Next we import `lamindb` and `lnschema_bt` which enables us to connect [Bionty](https://github.com/laminlabs/bionty) with [LaminDB](https://github.com/laminlabs/lamindb). This enables us to map cell types against ontologies and create SQL records within LaminDB to eventually make them queryable.
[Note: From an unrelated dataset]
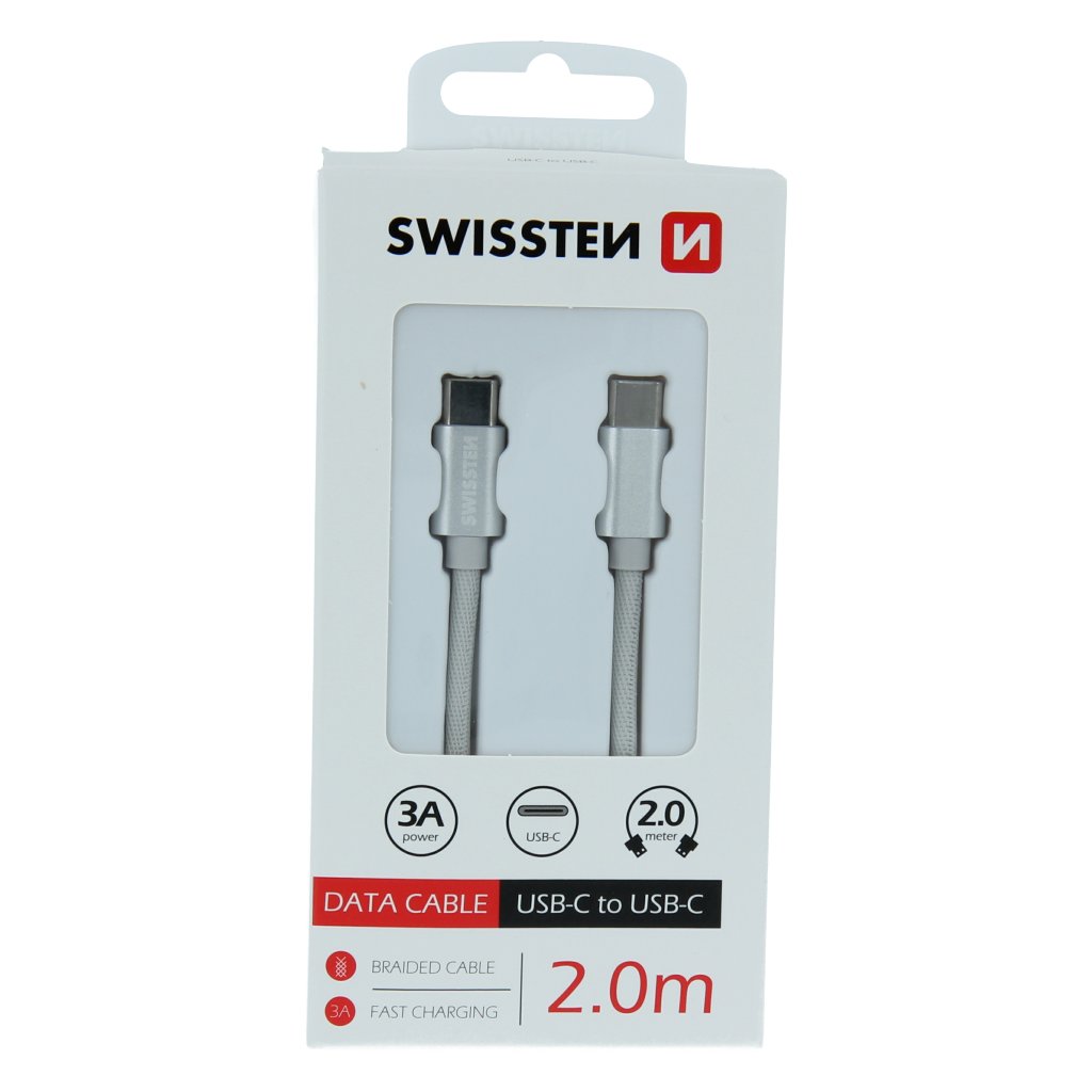 Swissten datový kabel textile USB-C - USB-C 2,0 m stříbrný

## Create an in-house CellType registry of CellTypist terms based on the public Cell Ontology

### Fetching CellTypists immune cell encyclopedia

As a first step we will read in CellTypist's immune cell encyclopedia. It provides mapped `ontology_id` of Cell Ontology (cl) for the majority of terms.

In [None]:
celltypist_df = pd.read_excel(
    "https://github.com/Teichlab/celltypist_wiki/raw/main/atlases/Pan_Immune_CellTypist/v2/tables/Basic_celltype_information.xlsx"
)
celltypist_df

And we observed that certain "Cell Ontology ID" is associated with multiple "Low-hierarchy cell types":

In [None]:
celltypist_df.set_index(["Cell Ontology ID", "Low-hierarchy cell types"]).head(10)
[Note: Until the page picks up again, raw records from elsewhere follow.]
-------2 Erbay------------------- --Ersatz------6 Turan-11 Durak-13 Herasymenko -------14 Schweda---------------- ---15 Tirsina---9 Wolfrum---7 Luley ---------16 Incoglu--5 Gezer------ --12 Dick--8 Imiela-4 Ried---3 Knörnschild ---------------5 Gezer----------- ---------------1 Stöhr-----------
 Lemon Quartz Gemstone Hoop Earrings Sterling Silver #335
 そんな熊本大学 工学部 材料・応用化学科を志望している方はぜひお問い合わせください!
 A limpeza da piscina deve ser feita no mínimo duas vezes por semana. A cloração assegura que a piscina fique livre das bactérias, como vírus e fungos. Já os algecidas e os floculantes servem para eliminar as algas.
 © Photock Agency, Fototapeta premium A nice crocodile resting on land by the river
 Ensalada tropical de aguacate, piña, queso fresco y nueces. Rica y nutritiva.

CellTypist uses different hierarchies of cell types (`High-hierarchy cell types` and `Low-hierarchy cell types`). By taking the intersection of both levels we learn that 4 terms of the `High-hierarchy cell types` are not mapped to Cell Ontology:

In [None]:
high_terms = celltypist_df["High-hierarchy cell types"].unique()
low_terms = celltypist_df["Low-hierarchy cell types"].unique()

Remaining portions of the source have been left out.